===== Exercise inputs =====
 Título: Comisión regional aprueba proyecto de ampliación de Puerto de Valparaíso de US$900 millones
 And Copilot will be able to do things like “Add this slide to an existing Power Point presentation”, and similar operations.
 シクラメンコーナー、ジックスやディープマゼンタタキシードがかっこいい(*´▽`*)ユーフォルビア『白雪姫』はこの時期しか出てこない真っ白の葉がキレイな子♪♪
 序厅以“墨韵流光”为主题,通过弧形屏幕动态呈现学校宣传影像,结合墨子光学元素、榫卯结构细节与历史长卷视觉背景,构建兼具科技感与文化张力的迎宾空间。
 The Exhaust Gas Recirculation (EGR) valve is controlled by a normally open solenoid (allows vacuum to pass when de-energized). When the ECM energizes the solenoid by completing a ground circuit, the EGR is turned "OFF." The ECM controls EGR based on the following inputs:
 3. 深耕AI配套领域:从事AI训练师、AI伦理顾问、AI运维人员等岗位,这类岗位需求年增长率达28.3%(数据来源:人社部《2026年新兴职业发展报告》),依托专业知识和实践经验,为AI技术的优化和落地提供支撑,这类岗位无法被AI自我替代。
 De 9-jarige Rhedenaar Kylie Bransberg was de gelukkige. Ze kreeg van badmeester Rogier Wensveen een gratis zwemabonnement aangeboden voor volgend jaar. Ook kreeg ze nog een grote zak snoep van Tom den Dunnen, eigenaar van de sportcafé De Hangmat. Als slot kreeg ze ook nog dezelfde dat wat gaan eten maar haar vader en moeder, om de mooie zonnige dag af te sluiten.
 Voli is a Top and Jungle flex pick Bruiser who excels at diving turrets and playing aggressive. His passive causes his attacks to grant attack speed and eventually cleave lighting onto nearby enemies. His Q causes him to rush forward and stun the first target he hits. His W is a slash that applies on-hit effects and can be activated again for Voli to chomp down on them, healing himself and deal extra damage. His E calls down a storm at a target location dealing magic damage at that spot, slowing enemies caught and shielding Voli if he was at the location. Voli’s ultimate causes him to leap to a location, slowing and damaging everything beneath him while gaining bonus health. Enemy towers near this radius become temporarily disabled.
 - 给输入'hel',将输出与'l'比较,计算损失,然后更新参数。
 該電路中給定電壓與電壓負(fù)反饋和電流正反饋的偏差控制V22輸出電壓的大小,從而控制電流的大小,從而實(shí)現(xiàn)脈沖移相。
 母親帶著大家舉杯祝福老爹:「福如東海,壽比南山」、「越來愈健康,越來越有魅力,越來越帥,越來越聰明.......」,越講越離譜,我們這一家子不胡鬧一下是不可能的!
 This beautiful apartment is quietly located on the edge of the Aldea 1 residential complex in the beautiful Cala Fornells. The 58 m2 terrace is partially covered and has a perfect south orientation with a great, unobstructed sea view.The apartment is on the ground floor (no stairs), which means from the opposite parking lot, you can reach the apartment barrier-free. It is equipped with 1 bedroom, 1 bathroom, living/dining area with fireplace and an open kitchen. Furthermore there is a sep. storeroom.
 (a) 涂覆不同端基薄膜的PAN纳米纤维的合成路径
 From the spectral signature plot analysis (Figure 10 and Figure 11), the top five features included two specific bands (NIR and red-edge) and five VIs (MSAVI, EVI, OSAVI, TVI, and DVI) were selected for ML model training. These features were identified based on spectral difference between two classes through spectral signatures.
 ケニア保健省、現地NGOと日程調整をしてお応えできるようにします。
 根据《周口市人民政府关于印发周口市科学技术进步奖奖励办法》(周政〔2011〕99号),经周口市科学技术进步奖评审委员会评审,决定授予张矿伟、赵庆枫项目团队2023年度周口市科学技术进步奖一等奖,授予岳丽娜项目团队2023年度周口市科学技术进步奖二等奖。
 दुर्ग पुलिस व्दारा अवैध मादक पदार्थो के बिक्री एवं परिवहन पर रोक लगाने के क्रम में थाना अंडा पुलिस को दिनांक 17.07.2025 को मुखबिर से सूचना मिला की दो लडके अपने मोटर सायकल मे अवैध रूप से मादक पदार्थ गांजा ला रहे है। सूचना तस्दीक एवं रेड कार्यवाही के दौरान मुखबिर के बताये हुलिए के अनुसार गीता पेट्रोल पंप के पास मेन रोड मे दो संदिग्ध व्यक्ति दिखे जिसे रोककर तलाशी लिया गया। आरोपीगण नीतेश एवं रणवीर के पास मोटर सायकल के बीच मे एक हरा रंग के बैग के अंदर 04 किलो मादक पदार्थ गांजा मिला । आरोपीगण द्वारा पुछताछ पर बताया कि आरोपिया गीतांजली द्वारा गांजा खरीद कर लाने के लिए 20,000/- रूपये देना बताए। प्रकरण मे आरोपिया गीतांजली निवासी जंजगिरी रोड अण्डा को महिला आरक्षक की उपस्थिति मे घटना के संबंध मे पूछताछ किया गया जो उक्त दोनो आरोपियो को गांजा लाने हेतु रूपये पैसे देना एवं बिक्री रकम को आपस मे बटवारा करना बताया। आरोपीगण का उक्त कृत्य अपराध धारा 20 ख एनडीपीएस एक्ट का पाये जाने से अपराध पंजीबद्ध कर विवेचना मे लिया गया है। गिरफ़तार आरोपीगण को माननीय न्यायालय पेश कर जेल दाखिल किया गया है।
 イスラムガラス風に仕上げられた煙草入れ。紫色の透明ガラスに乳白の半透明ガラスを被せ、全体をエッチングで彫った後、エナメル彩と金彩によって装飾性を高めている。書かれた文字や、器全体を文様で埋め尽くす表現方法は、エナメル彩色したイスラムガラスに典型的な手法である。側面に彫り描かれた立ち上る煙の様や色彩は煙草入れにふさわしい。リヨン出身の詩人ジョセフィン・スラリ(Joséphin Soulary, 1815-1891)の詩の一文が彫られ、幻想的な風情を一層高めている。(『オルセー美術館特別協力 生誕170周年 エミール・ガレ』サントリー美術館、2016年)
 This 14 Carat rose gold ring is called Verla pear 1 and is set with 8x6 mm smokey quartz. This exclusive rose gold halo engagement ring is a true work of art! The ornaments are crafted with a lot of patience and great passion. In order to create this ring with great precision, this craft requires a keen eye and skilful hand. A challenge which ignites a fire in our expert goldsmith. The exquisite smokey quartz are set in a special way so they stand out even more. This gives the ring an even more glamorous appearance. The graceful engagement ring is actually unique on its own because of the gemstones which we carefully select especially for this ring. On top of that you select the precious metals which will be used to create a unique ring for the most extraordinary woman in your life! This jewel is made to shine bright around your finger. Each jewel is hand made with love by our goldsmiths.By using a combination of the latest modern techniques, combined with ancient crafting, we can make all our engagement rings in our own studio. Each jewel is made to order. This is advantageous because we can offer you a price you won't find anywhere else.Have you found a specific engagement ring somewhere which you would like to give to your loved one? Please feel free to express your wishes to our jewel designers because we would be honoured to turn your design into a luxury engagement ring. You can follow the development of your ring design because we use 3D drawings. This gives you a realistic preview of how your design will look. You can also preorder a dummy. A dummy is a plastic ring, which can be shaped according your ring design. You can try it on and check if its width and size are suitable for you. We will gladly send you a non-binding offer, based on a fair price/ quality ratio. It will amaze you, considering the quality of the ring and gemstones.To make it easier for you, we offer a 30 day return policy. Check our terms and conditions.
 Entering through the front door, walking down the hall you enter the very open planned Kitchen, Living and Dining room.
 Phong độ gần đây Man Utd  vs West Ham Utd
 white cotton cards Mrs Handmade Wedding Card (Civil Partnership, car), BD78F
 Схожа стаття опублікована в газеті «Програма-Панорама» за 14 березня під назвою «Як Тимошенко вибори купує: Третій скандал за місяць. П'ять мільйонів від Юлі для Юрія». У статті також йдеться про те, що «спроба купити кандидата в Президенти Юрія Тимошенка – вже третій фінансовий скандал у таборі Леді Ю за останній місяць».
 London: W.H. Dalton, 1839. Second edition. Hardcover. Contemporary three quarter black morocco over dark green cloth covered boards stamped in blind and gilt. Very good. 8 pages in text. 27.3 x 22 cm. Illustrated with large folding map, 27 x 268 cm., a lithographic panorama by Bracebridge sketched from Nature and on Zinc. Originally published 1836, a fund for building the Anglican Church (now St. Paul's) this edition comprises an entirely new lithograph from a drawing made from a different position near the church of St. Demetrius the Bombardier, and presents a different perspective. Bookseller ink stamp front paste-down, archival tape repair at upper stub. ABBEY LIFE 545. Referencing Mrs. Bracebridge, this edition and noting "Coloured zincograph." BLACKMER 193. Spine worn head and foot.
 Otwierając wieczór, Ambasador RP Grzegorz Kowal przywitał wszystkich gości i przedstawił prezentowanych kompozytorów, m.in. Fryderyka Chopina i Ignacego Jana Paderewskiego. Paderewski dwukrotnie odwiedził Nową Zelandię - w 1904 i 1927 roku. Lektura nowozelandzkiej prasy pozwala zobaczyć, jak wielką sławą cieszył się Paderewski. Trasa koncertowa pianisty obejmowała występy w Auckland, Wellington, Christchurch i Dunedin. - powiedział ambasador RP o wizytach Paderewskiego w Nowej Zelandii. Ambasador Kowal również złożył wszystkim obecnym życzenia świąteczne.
=====
Please report all lines in the entries where "through" appears.

 From the spectral signature plot analysis (Figure 10 and Figure 11), the top five features included two specific bands (NIR and red-edge) and five VIs (MSAVI, EVI, OSAVI, TVI, and DVI) were selected for ML model training. These features were identified based on spectral difference between two classes through spectral signatures.
 Entering through the front door, walking down the hall you enter the very open planned Kitchen, Living and Dining room.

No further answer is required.